Teagle, who has also worn many hats, his most prominent right now being caretaker at Little Stony Point park, calls himself a “record collector and music history trivia buff.  I played guitar in the band at [Haldane’s production of] Grease last year, have played weddings, in punk-rock bars, plus I play bass drum in our local bagpipe band.”  Teagle knew a lot of Orbison material, but “never played it much because no one can sing it.  I suggested [to Hoppe] a duo, but then he told me he had invited a girl who sang at Open Mic, and it became a trio!”
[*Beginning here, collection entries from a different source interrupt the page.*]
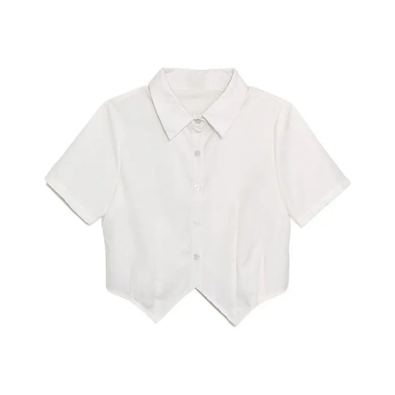 LAKESI Короткий рукав Белая рубашка + Черный полосатый галстук Женские рубашки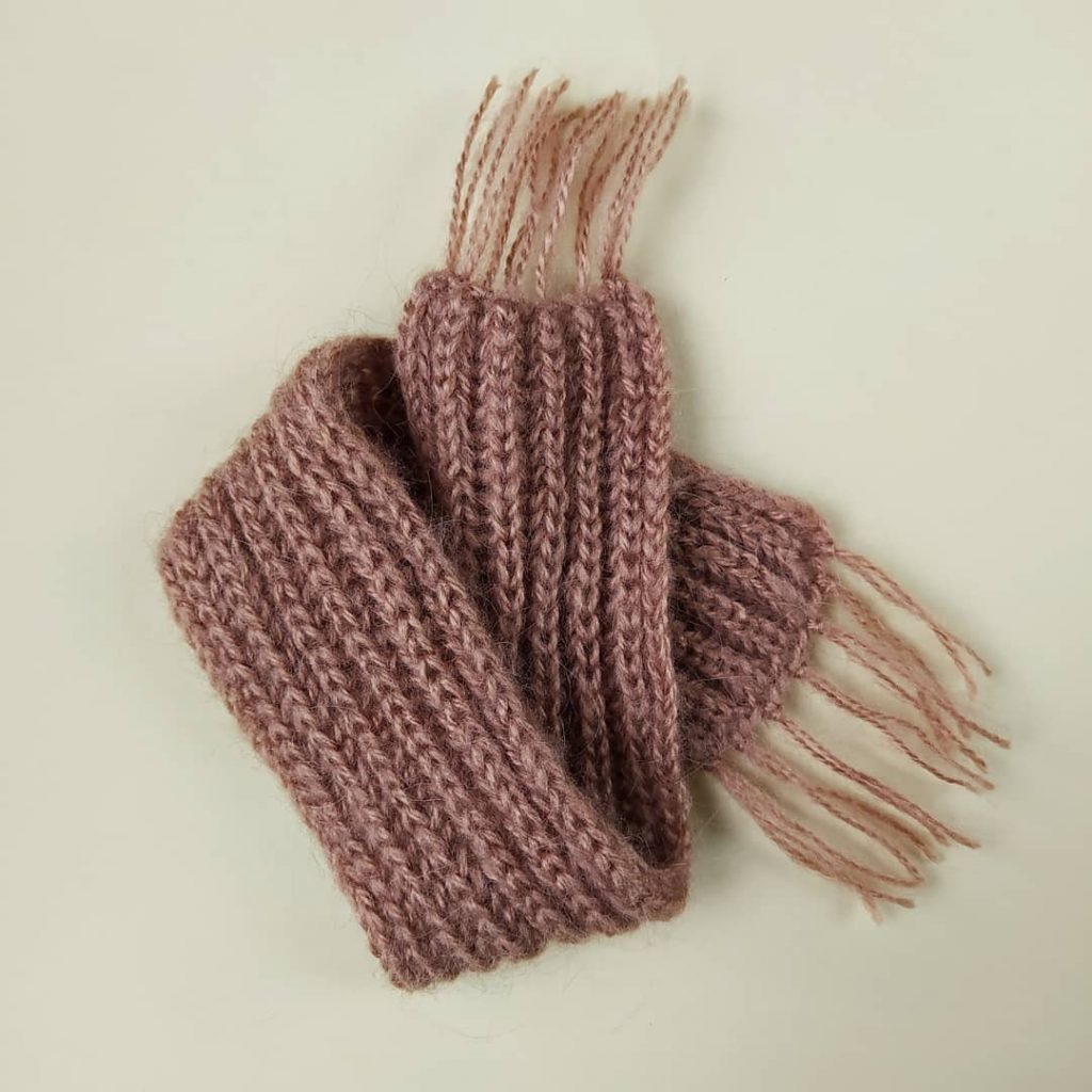 This scarf is knitted in English rib.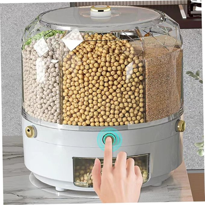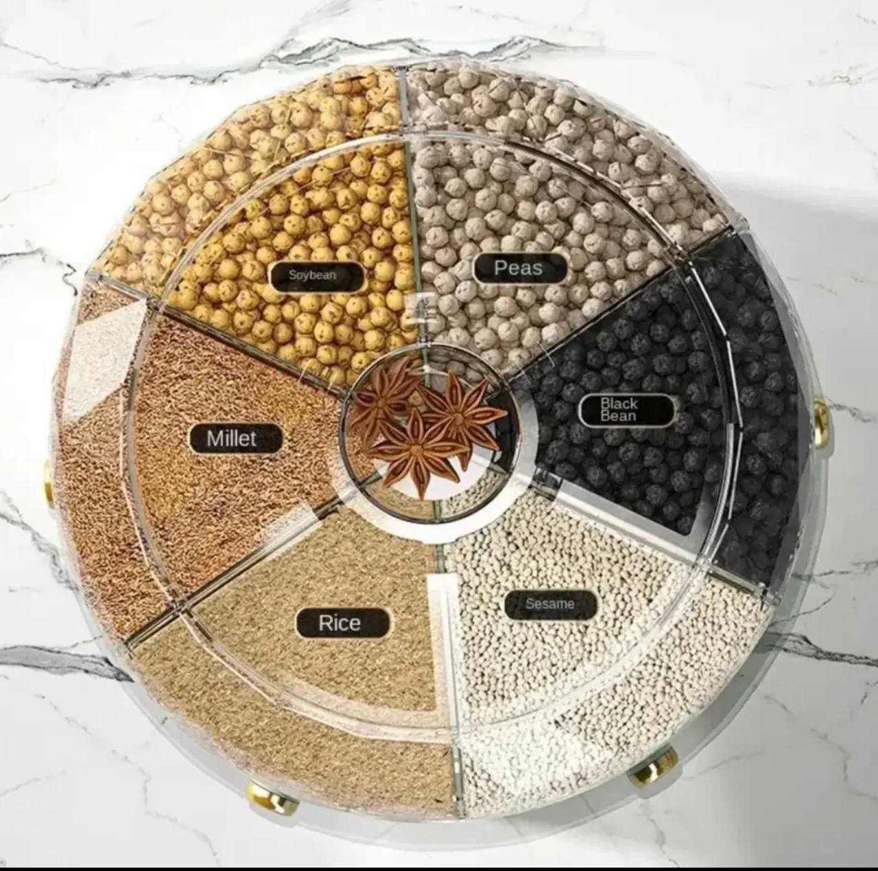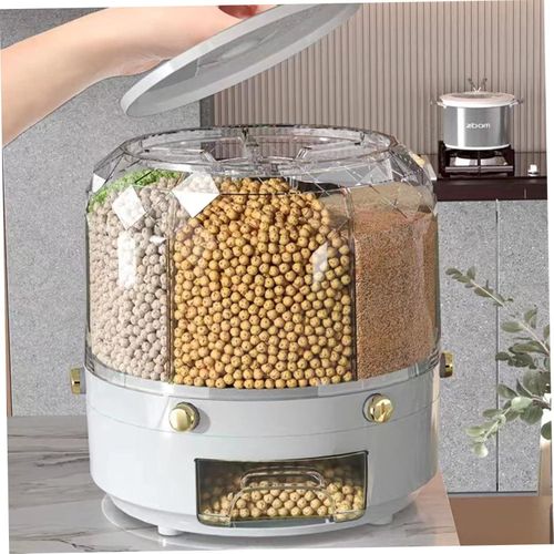 Organisez votre cuisine avec ce distributeur rotatif à 360° conçu pour conserver vos aliments secs frais et protégés. Avec ses 6 compartiments, sa grande capacité (8 kg) et son système hermétique, dites adieu au désordre et profitez d’un accès facile à vos céréales, riz, farine, café et bien plus encore.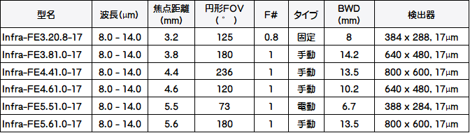 ・フォーカスタイプ: 手動または固定 ・動作温度:±40℃〜+60℃ ・保存温度:±20℃〜+80℃

Hoppe, who wasn’t at the interview, was described by Teagle as having “lots of formal musical training. He was in choirs at school. He was in crazy, new wave bands and plays piano, guitar and bass.  He reads music and can notate. I had no idea he had anywhere near the knowledge and experience when I first met him.” Asked why they thought Hoppe first became interested in Orbison, both Teagle and Danilov answered almost in unison: “The voice!”  Danilov said, “He’s been told so often ‘You sound like him.’ The voice inspired him.”  Teagle added “After that reaction it snowballed to the point where it’s almost an obsession.”  But, according to Danilov, Hoppe “doesn’t imitate Orbison, he channels him.”  “He doesn’t feel the need to totally recreate inflections,” added Teagle. The same goes for the songs as a whole, for, as Danilov puts it, “Some we try to replicate, others we make our own, or use another vocalist’s version of them.”

Thus far The Lonely has pretty much played clubs, libraries and places like the Foundry Café.  This show is a big step for them.  “We’re doing it big,” says Teagle, “Lights, props, costumes, full band.  Usually we have no bass drum or bass guitar, but this time we’ve got Al Hemberger and Doug Wygal as special guests.”   The “book” for the show was written by all three band members, with Danilov noting that Hoppe “has done an exorbitant amount, but we all contributed over the past year and a half.”

The Lonely hopes that their new show has a life well beyond its debut at the Depot, envisioning In Dreams and who knows, perhaps in reality as well, a run in a theater in New York City at some point in the future. Tickets to the performance cost $15 and reservations can be made at brownpapertickets or by phoning the Depot at 845-424-3900.